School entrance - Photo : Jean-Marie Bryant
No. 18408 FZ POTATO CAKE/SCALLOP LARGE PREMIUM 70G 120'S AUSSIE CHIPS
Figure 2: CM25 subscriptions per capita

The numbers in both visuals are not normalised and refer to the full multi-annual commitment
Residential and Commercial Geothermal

...

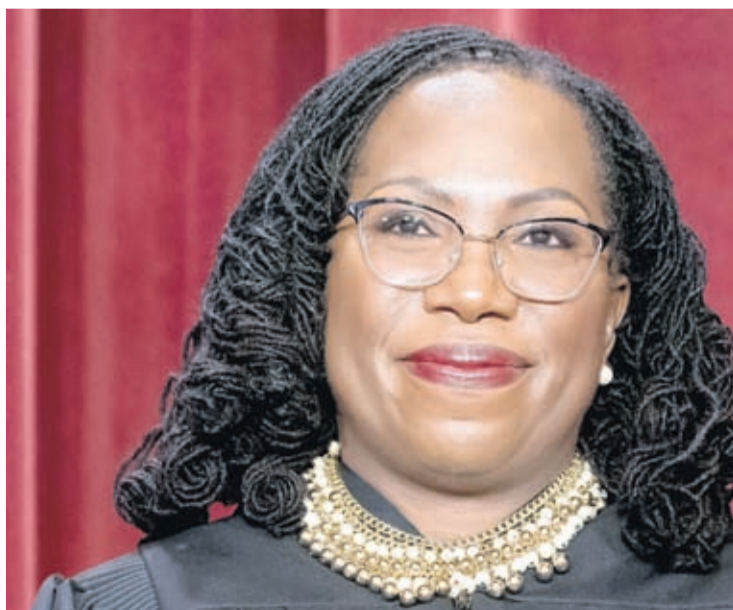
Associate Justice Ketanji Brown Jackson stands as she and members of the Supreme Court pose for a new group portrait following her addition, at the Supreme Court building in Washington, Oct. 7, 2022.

...

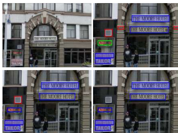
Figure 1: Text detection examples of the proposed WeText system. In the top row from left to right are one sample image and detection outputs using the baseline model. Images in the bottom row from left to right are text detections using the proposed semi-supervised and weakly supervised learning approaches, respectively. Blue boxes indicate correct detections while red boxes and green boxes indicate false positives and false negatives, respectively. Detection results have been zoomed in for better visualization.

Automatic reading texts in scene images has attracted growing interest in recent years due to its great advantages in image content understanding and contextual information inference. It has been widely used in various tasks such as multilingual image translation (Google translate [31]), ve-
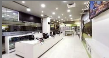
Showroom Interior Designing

Directions: Out of the data above, give again only the lines starting at the one holding "School entrance - Photo : Jean-Marie Bryant" and ending at the one holding "Residential and Commercial Geothermal", unchanged.

Written reply:
School entrance - Photo : Jean-Marie Bryant
No. 18408 FZ POTATO CAKE/SCALLOP LARGE PREMIUM 70G 120'S AUSSIE CHIPS
Figure 2: CM25 subscriptions per capita

The numbers in both visuals are not normalised and refer to the full multi-annual commitment
Residential and Commercial Geothermal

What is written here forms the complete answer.